Our goal today is going to be to find the pharmaceutical company that has shipped the most opioids (`MME_Conversion_Factor * CALC_BASE_WT_IN_GM`) in the US.

When working with large datasets, it is good practice to begin by prototyping your code with a subset of your data. So begin by using `pandas` to read in the first 100,000 lines of the ARCOS data and write pandas code to compute the shipments from each shipper (the group that reported the shipment). 

In [None]:
# Exercise 2: Calculate total shipments by reporter using pandas
# Read in 100,000 rows

import pandas as pd

pd.set_option("mode.copy_on_write", True)

file = "/Users/far/Downloads/arcos_2011_2012.tsv"

data_sample = pd.read_csv(file, sep="\t", nrows=100000)

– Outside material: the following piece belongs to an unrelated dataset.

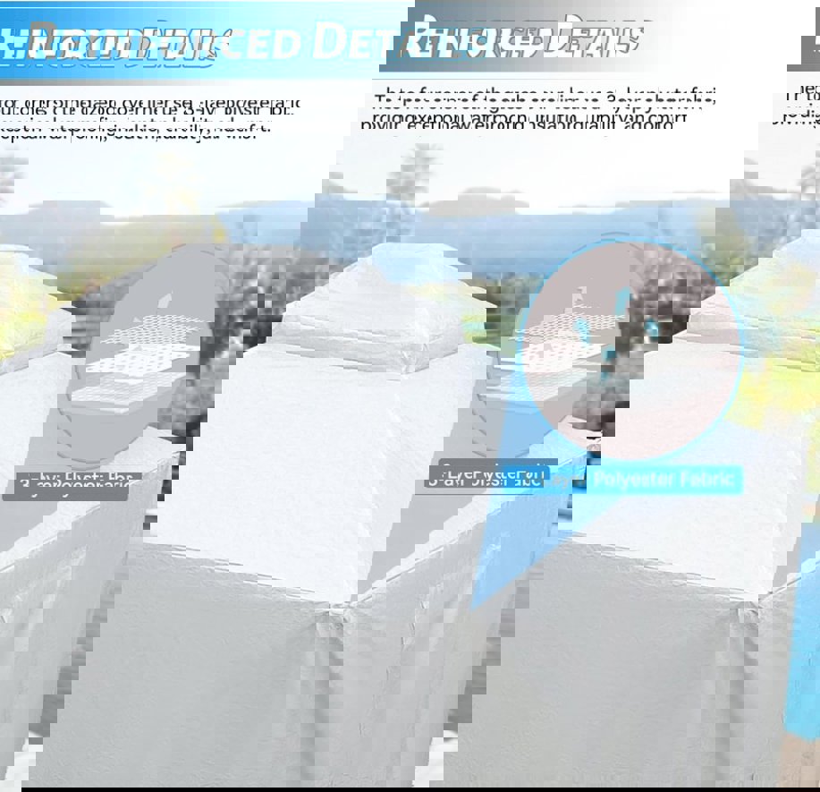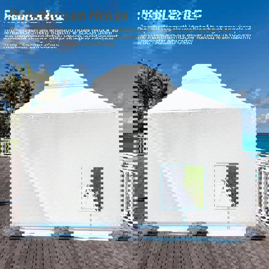 Enhanced Windproof Design: With an extended 8.7-inch length on all sides and pre-drilled holes, this cover can be securely anchored to withstand even the strongest winter winds. These features ensure that your gazebo remains stable and protected, no matter the weather.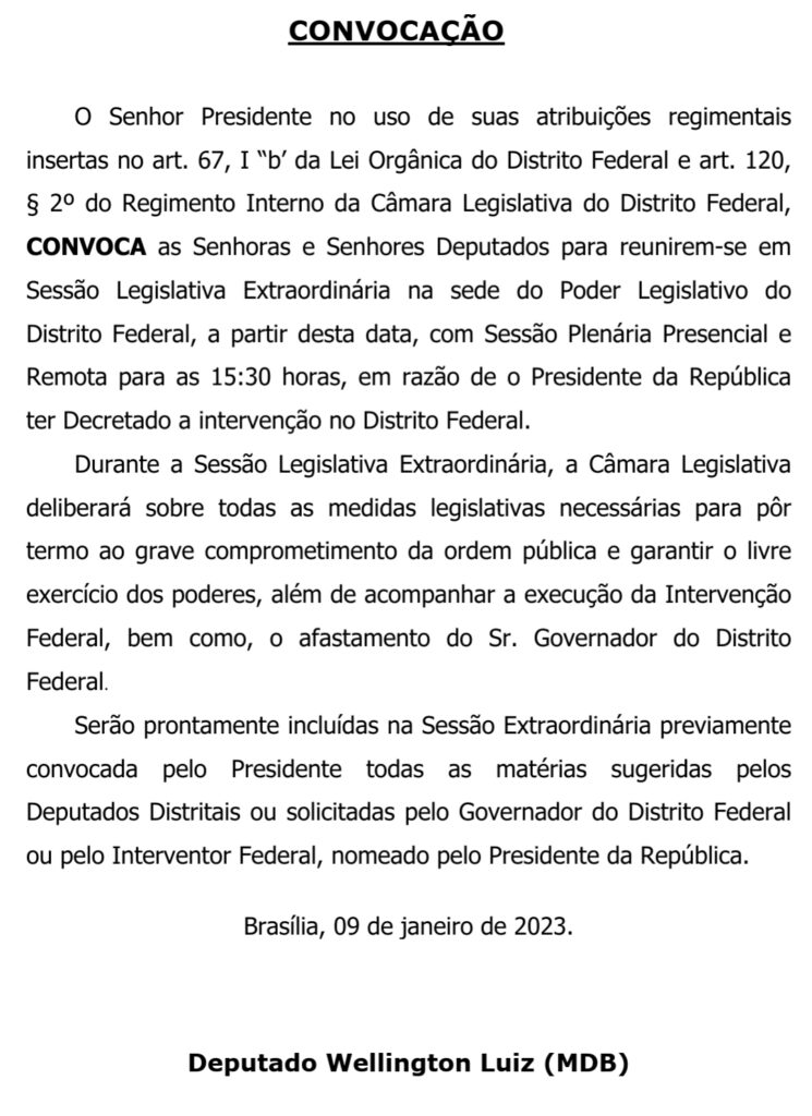A Câmara Legislativa do Distrito Federal (CLDF) irá realizar, nesta segunda-feira (09), uma sessão extraordinária para debater os atos antidemocráticos e de vandalismo que aconteceram ontem na Praça dos Três Poderes.

# Calculate total shipments (opioid weight in morphine equivalents)
data_sample["total_shipment"] = (
    data_sample["MME_Conversion_Factor"] * data_sample["CALC_BASE_WT_IN_GM"]
)

# Group by reporter and sum shipments
shipments_by_reporter = (
    data_sample.groupby("REPORTER_NAME")["total_shipment"]
    .sum()
    .sort_values(ascending=False)
)

print("Top 10 reporters by total shipments (pandas, first 100k rows):")
print(shipments_by_reporter.head(10))

Top 10 reporters by total shipments (pandas, first 100k rows):
REPORTER_NAME
MCKESSON CORPORATION           299266.331225
CARDINAL HEALTH 110, LLC        54352.323711
AMERISOURCEBERGEN DRUG CORP     34561.394892
KINRAY INC                      28620.315246
LOUISIANA WHOLESALE DRUG CO     14787.765559
FRANK W KERR INC                 8730.016283
H D SMITH WHOLESALE DRUG CO      6399.324050
KAISER FOUNDATION HOSPITALS      3891.329580
BURLINGTON DRUG COMPANY          3889.490325
AMERICAN SALES COMPANY           3432.058005
Name: total_shipment, dtype: float64


  data_sample = pd.read_csv(file, sep="\t", nrows=100000)


## Exercise 3

Now let's turn to dask. Re-write your code for dask, and calculate the total shipments by reporting company. Remember: 

- Activate a conda environment with a clean dask installation.
- Start by spinning up a distributed cluster.
- Dask won't read compressed files, so you have to unzip your ARCOS data. 
- Start your cluster in a cell all by itself since you don't want to keep re-running the "start a cluster" code. 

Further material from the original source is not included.